* _ASSIGNMENT_: Every line from the top of the records through the line containing "熊庆来大讲堂149期:2026.04.22 - 香港理工大学 - 祁力群" should be retyped exactly; the pictures should not.

(Records from a collection)
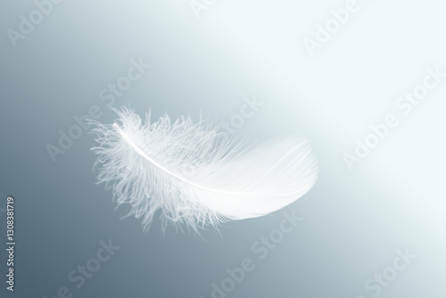 Soft Single Bird Feathers Floating in The Sky. Fluffy Downy. Freedom, Floating Freely, Peace. Softness of Feathers Falling in Heavenly.
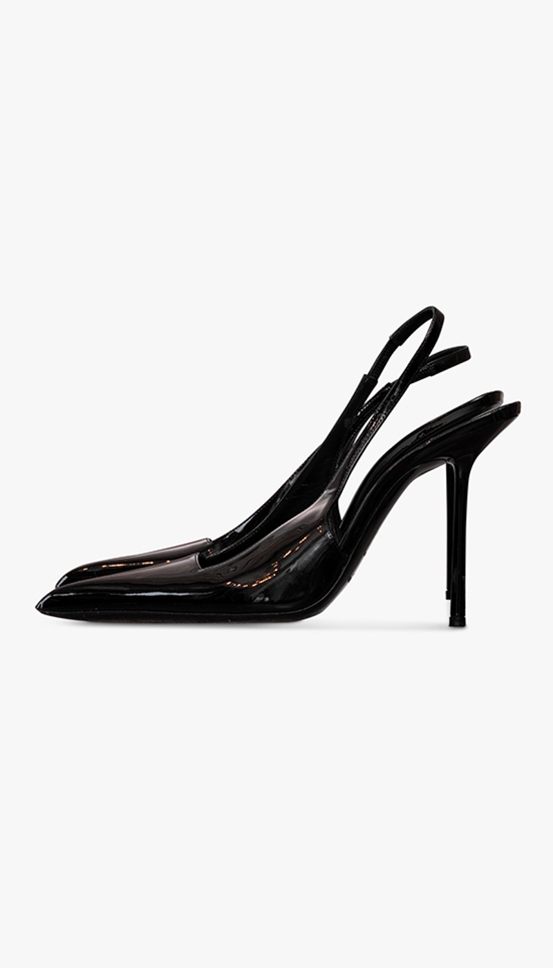 Sharp, minimal, and undeniably timeless, these Saint Laurent black slingback pumps embody effortless Parisian elegance. Crafted in glossy patent leather, they feature a sleek pointed toe and a clean, sculpted silhouette that elongates the leg with precision.
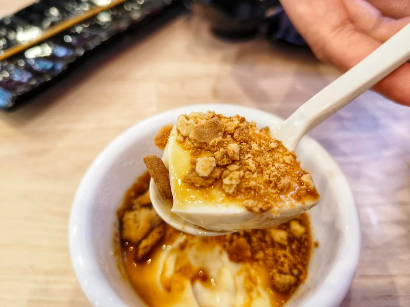 Sebagai penutup, aku pesan dessert pudding yaitu "Hokkaido Milk Puding". Ini bisa disajikan setelah kita selesai makan berat loh. Jadi pas disajikan masih tetap dingin dan enak. Pudingnya lembut buanget dengan taburan biskuit diatasnya dan ada gula merahnya juga. Rasanya manis yang teramat manis. Tapi enak, tapi kemanisan banget, gimana tuh 😁. Rewel banget emang lidahku ini ckckc.
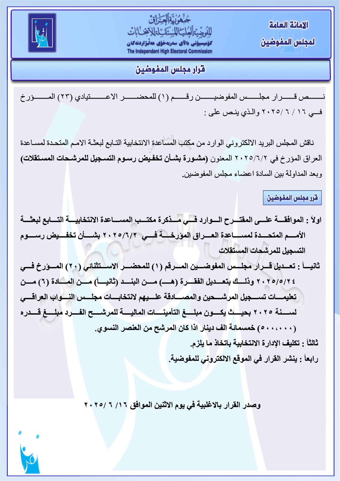 قرار مجلس المفوضيـن رقم (1) للمحضر الاعتيادي (23) المـؤرخ فـــي 2025/6/16
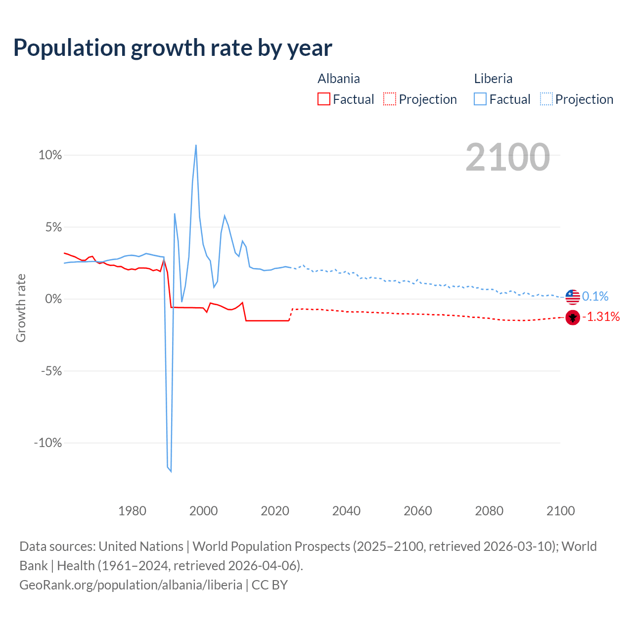 - For the last 10 years, Albania has had an average growth rate of -1.53% per year vs +2.09% in Liberia.
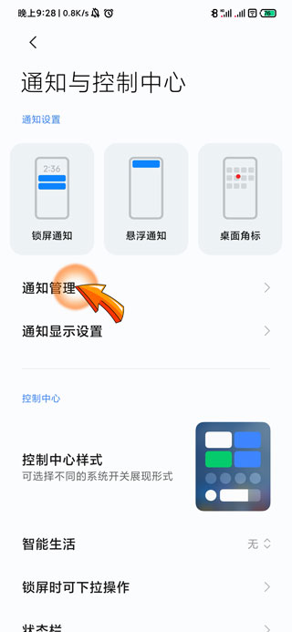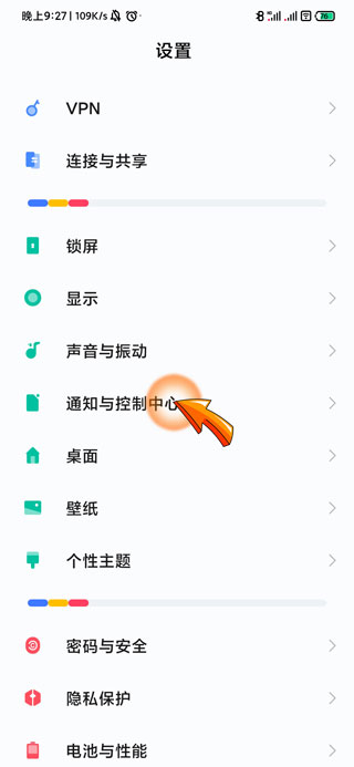 2、进入设置页面后,点击“通知与控制中心”选项。
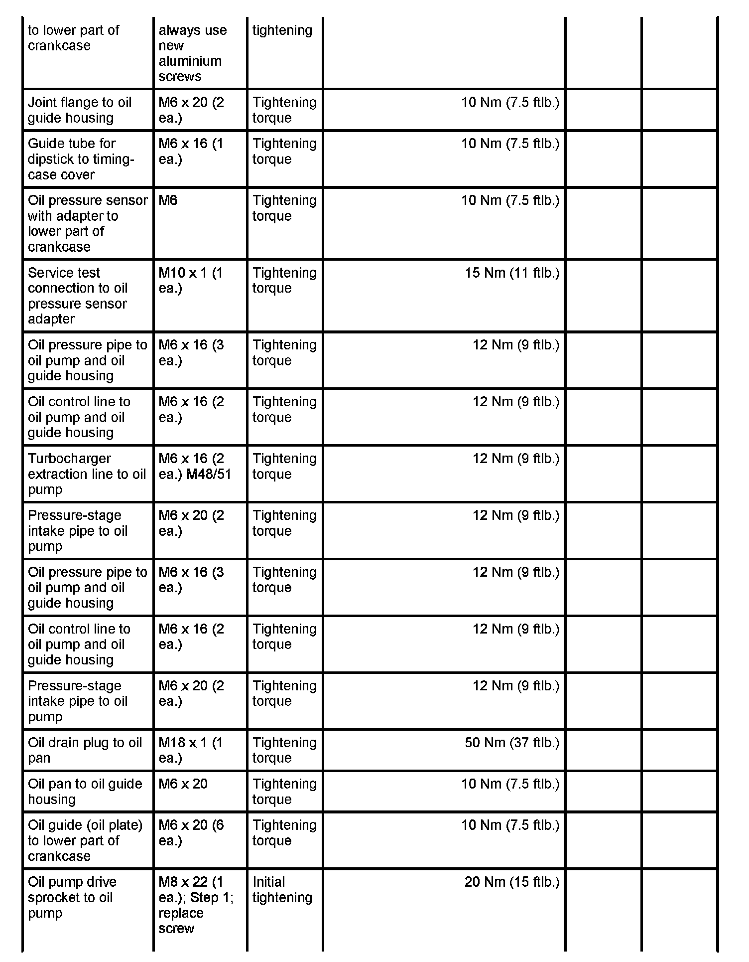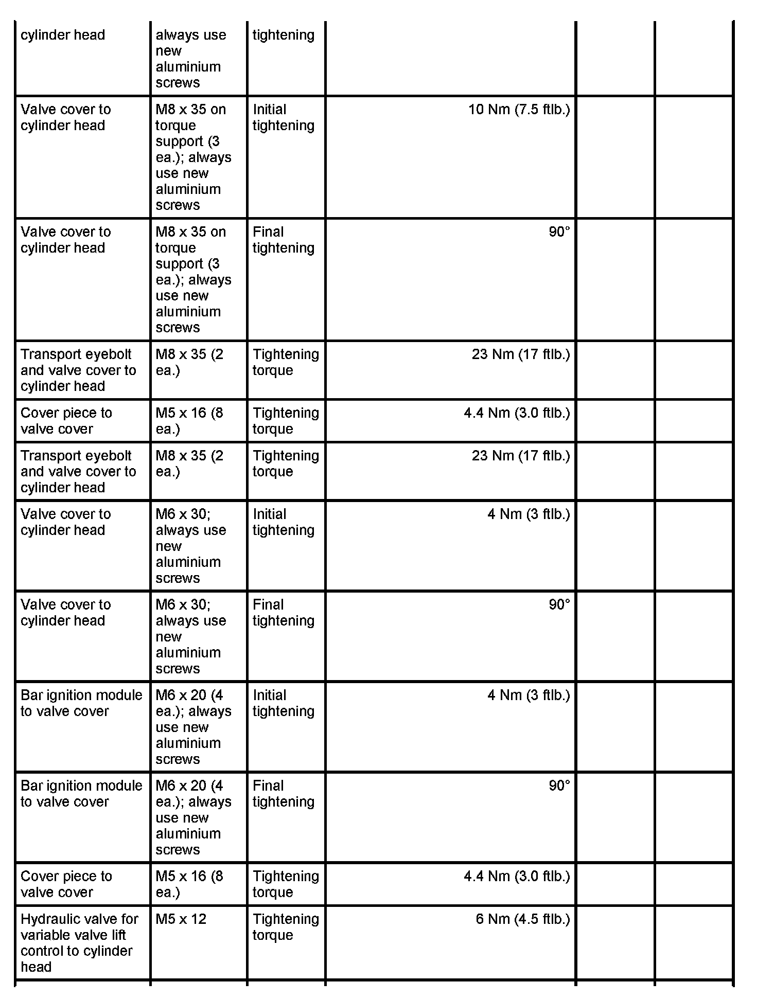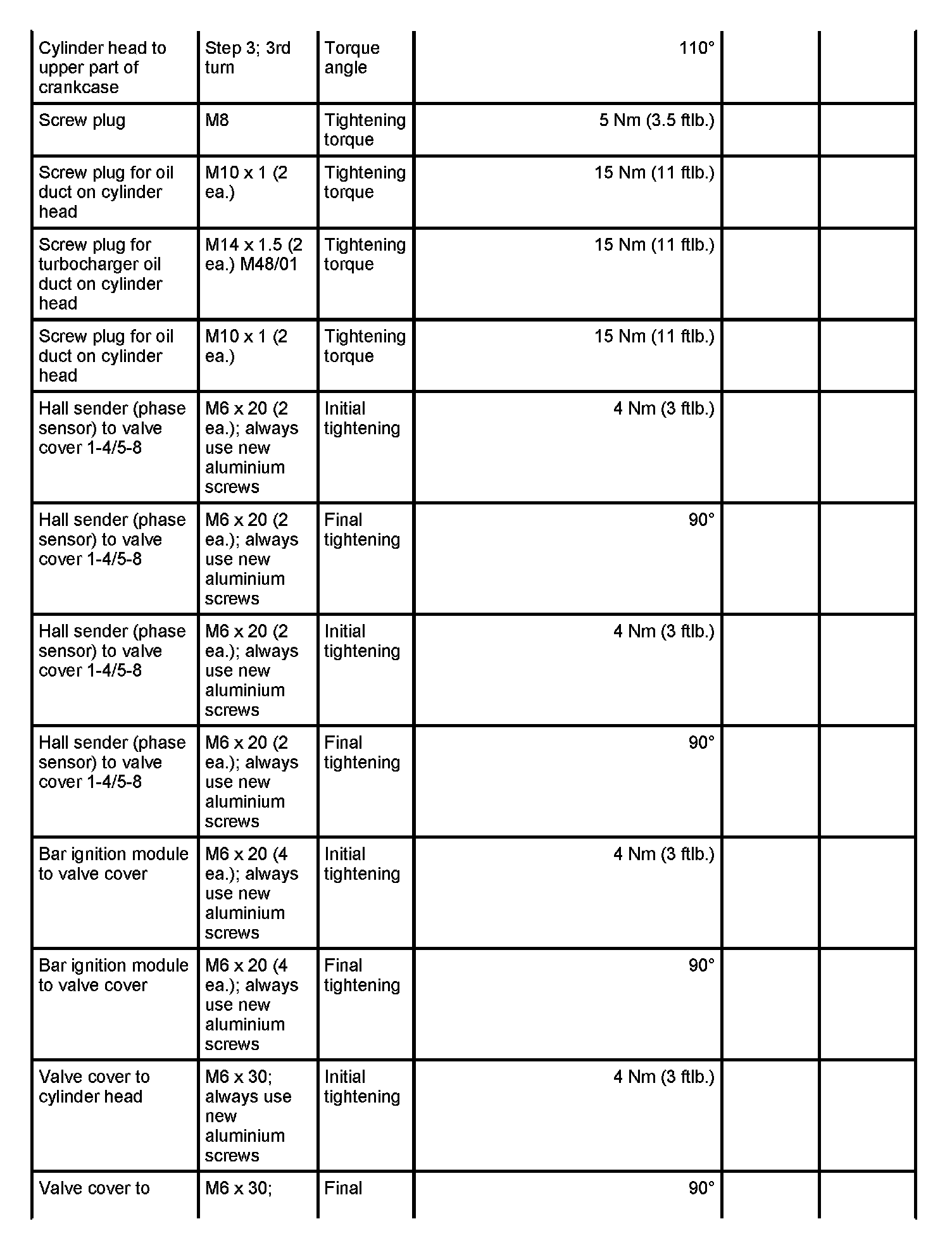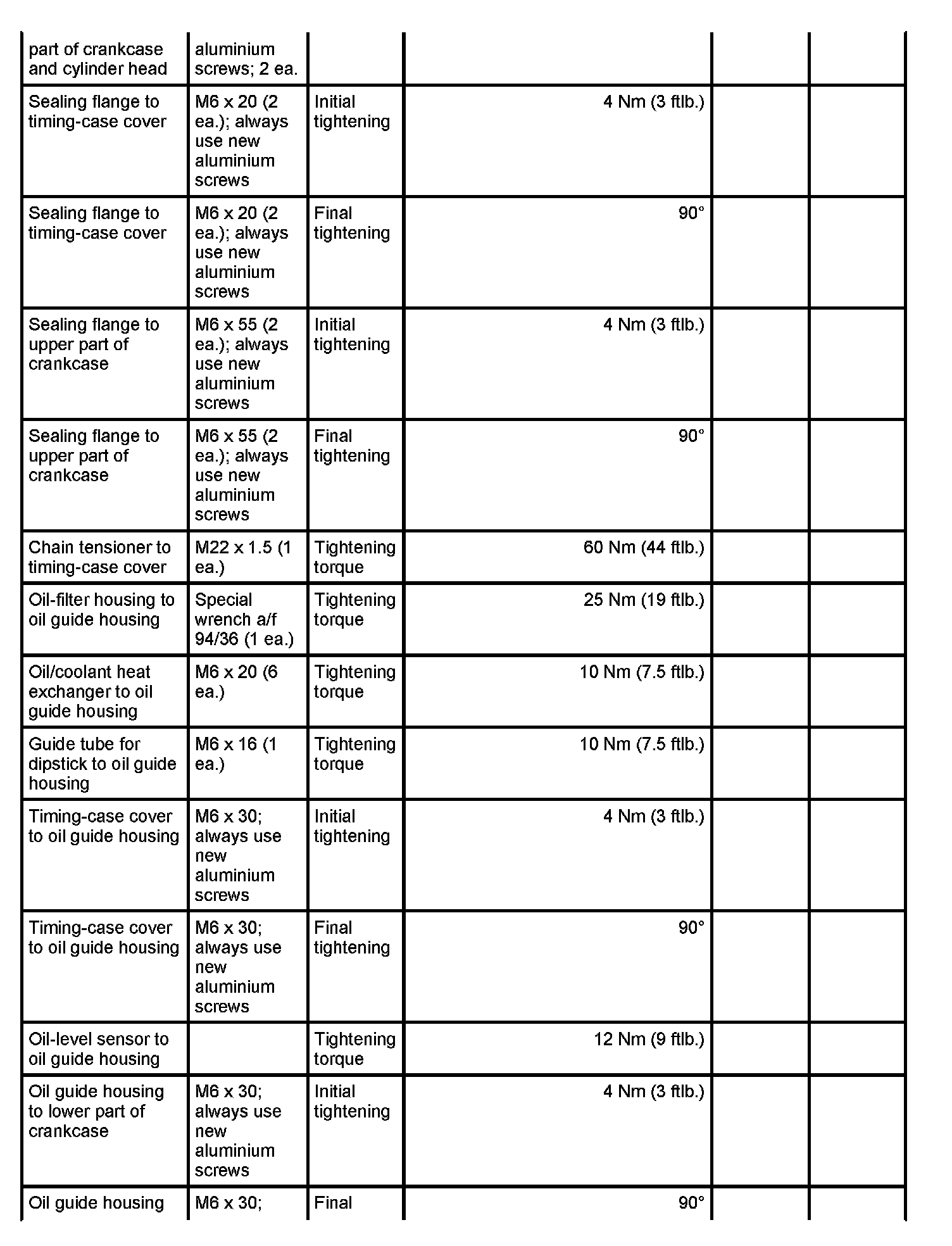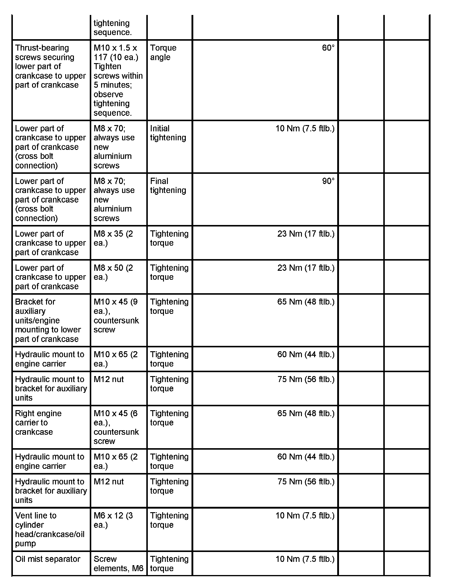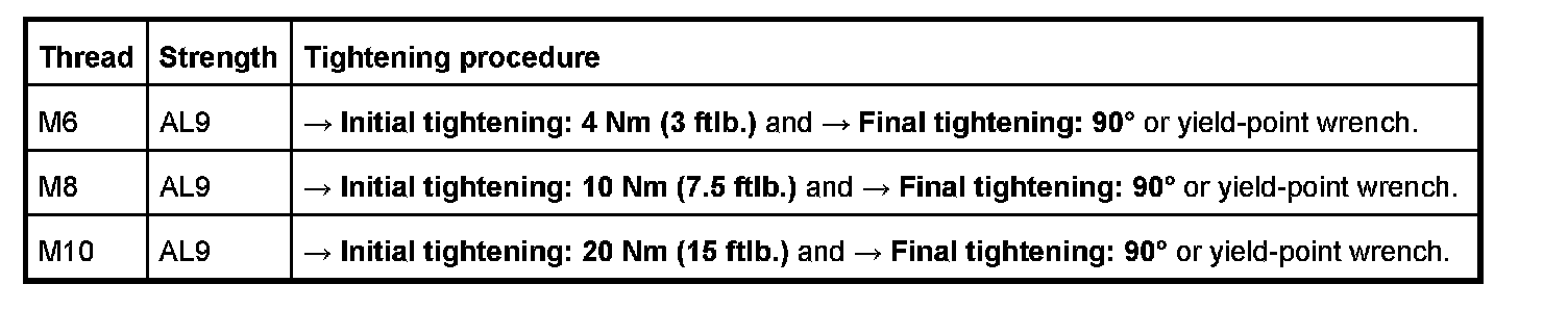 7 - Aluminium screw, M8 x 70; (cross bolt connection); always use new aluminium screws; observe tightening sequence as for steel screws - Initial tightening: 10 Nm (7.5 ftlb.) and - Final tightening: 90 degrees
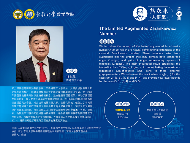 熊庆来大讲堂149期:2026.04.22 - 香港理工大学 - 祁力群
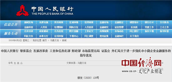 經濟日報-中國經濟網北京6月3日訊 為推動金融支持政策更好適應市場主體的需要,進一步疏通內外部傳導機制,促進中小微企業(yè)融資規(guī)模明顯增長、融資結構更加優(yōu)化,近日,人民銀行、銀保監(jiān)會、發(fā)展改革委、工業(yè)和信息化部、財政部、市場監(jiān)管總局、證監(jiān)會、外匯局聯合印發(fā)《關于進一步強化中小微企業(yè)金融服務的指導意見》(以下稱“意見”)。
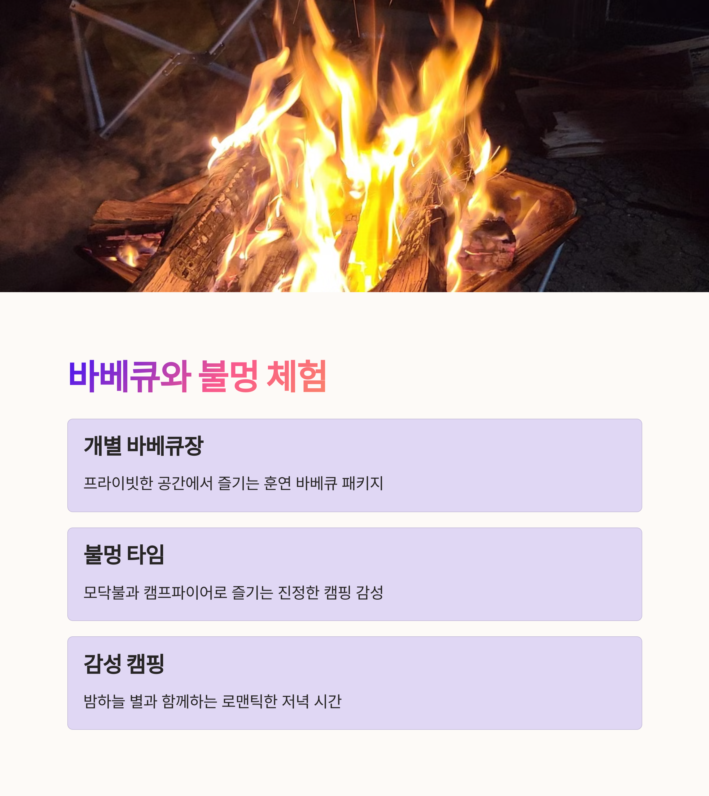 주요 특징 애견동반 가능, 전 객실 리모델링, 불멍·바비큐장 등 캠핑 감성 요소 풍부
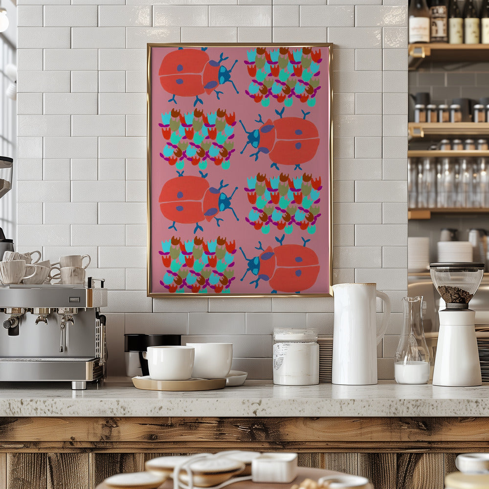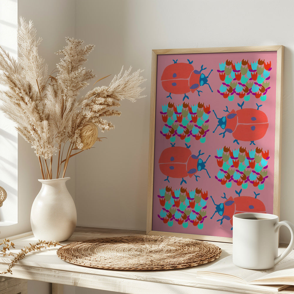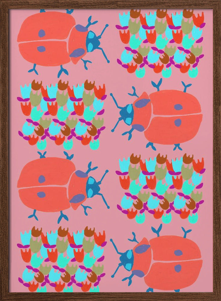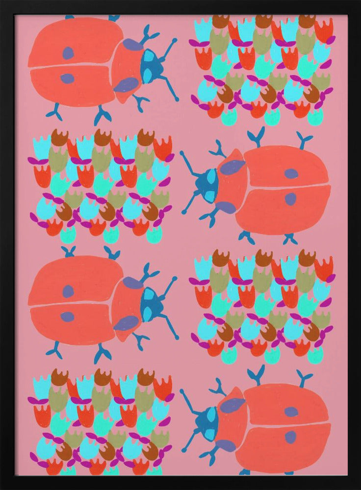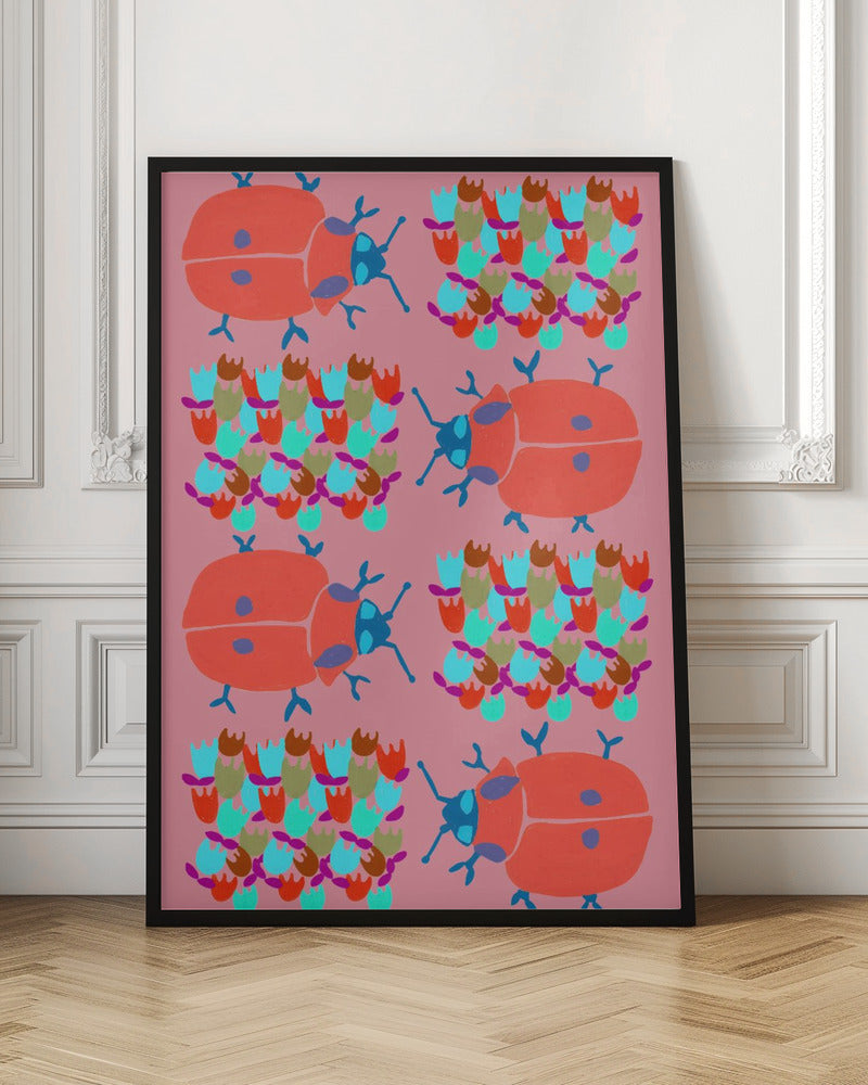 Explore our many print options for Red Ladybugs In Flowers by artist Ania Zwara.

* _ANSWER TO THIS PROBLEM_:
 Soft Single Bird Feathers Floating in The Sky. Fluffy Downy. Freedom, Floating Freely, Peace. Softness of Feathers Falling in Heavenly.
 Sharp, minimal, and undeniably timeless, these Saint Laurent black slingback pumps embody effortless Parisian elegance. Crafted in glossy patent leather, they feature a sleek pointed toe and a clean, sculpted silhouette that elongates the leg with precision.
 Sebagai penutup, aku pesan dessert pudding yaitu "Hokkaido Milk Puding". Ini bisa disajikan setelah kita selesai makan berat loh. Jadi pas disajikan masih tetap dingin dan enak. Pudingnya lembut buanget dengan taburan biskuit diatasnya dan ada gula merahnya juga. Rasanya manis yang teramat manis. Tapi enak, tapi kemanisan banget, gimana tuh 😁. Rewel banget emang lidahku ini ckckc.
 قرار مجلس المفوضيـن رقم (1) للمحضر الاعتيادي (23) المـؤرخ فـــي 2025/6/16
 - For the last 10 years, Albania has had an average growth rate of -1.53% per year vs +2.09% in Liberia.
 2、进入设置页面后,点击“通知与控制中心”选项。
 7 - Aluminium screw, M8 x 70; (cross bolt connection); always use new aluminium screws; observe tightening sequence as for steel screws - Initial tightening: 10 Nm (7.5 ftlb.) and - Final tightening: 90 degrees
 熊庆来大讲堂149期:2026.04.22 - 香港理工大学 - 祁力群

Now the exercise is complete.